What is to debate, you might ask?  Why wouldn’t the international community want to protect the defenseless–of which many millions are at risk, in Burma, Kenya, Sudan, and Sri Lanka?  That’s exactly the feeling that drove R2P’s supporters to question where the UN was during the Balkan War or Rwanda.

But the emerging concept faces opposition on both the left and the right (if such a political distinction is even useful in the global talking shop of the General Assembly.)  For example, R2P faces tough opposition from those seeing ulterior uses for the concept:

For D’Escoto and those who agree with him, R2P is code for an attempt by big Western powers to impose their will on the weak. In a contentious “concept note” issued to all U.N. members he declared that “colonialism and interventionism used ‘responsibility to protect’ arguments.” One member of a panel of experts D’Escoto convened to launch the debate, U.S. academic Noam Chomsky, said R2P-type arguments had been used to justify Japan’s 1931 invasion of Manchuria and Nazi Germany’s pre-World War Two move into Czechoslovakia.

via Saviors or conquerors? UN mulls “responsibility to protect” | Analysis & Opinion

But sovereignty for others is a concept in direct opposition to R2P and a tough one to replace–for every single country from Cuba to the United States.  Implementation is a long way off–and this new effort to redefine what the UN Charter actually means may never fully work–but it demonstrates the interest that drives activists, states, and scholars to find a way to avoid future holocausts and “Hotel Rwandas“.

Bottom Line on MDGs?

Its grading time for a major United Nations effort to benchmark key global development indicators.  How are they doing?  First, a little background on two key players:  The Secretary General and the General Assembly.

The renowned development economist, Jeffrey Sachs, claims they are successful, giving what sounds to me like an “A”–in spite of missing stated goals:

As 140 heads of state and government gather Monday at the United Nations for the Millennium Development Goals summit, they and the public will ask what has come out of this decade-long effort.

The answer will surprise them: A great deal has been achieved, with some of the most exciting breakthroughs occurring in Africa.

via I.H.T. Op-Ed Contributor – Millennium Goals, Five Years to Go – NYTimes.com.

But few share such optimism.  This creates an interesting challenge–how to energize discussion about goals that haven’t really been met–and as some argue, have not been taken seriously.  (Think classes that you audited v. those taken for credit.  How much homework did you do on the former as compared to the latter?)
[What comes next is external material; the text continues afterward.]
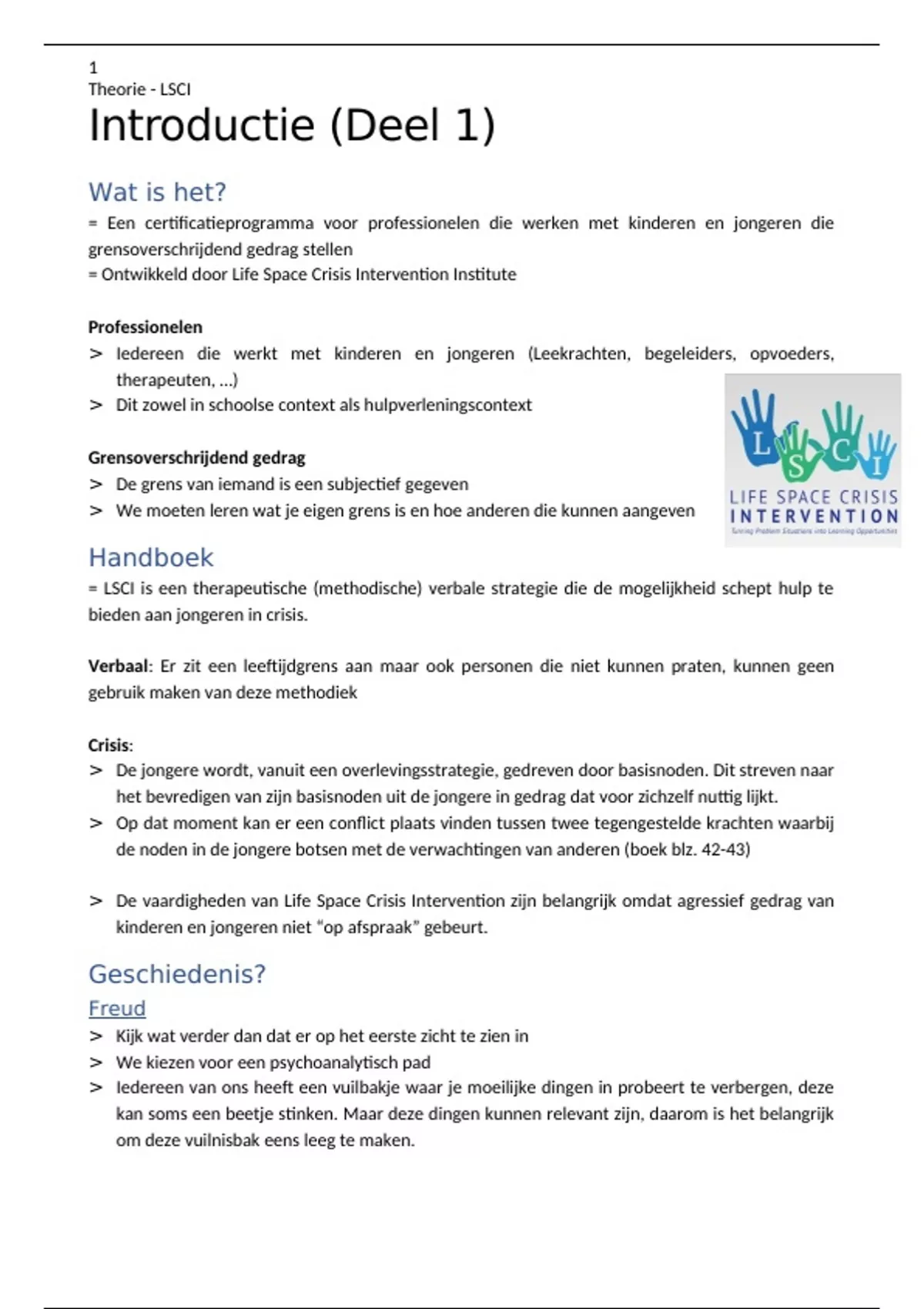 Samenvatting het onderdeel LSCI van het opleidingsonderdeel Jeugd)criminologie en psychopathologie (QE1421) van de professionele bachelor Orthopedagogie van de UCLL te Hasselt. In deze samenvatting vind je de informatie uit de online hoorcolleges van LSCI, aangevuld met afbeeldingen en informatie uit de PowerPoints en eigen aanvullend opzoekwerk.

Some lament the absence of a real action plan. Others fault the richest governments, and the Obama administration in particular, for what they say is mere lip service to the goals without spending the money needed. But perhaps most salient of all is a simple question, one that boils down to accountability.
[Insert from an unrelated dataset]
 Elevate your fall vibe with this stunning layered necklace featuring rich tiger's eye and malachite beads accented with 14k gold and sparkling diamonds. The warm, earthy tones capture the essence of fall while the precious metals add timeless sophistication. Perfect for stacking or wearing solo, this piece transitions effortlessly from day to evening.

“If we miss the goals, who is going to punish us?” asked Esther Duflo, a development expert at M.I.T. “Nobody is going to come from Mars and say, ‘You didn’t reach the goals, so we will invade’ — there is no onus.”

via Questions About U.N.’s Poverty Goals – NYTimes.com.

Bono weighs in, as he clearly must–with suggestions for improving stuff:

Find what works and then expand on it. Will mechanisms like the Global Fund get the resources to do the job?

via Op-Ed Guest Columnist – How the Millennium Development Goals can live up to their promise. – NYTimes.com.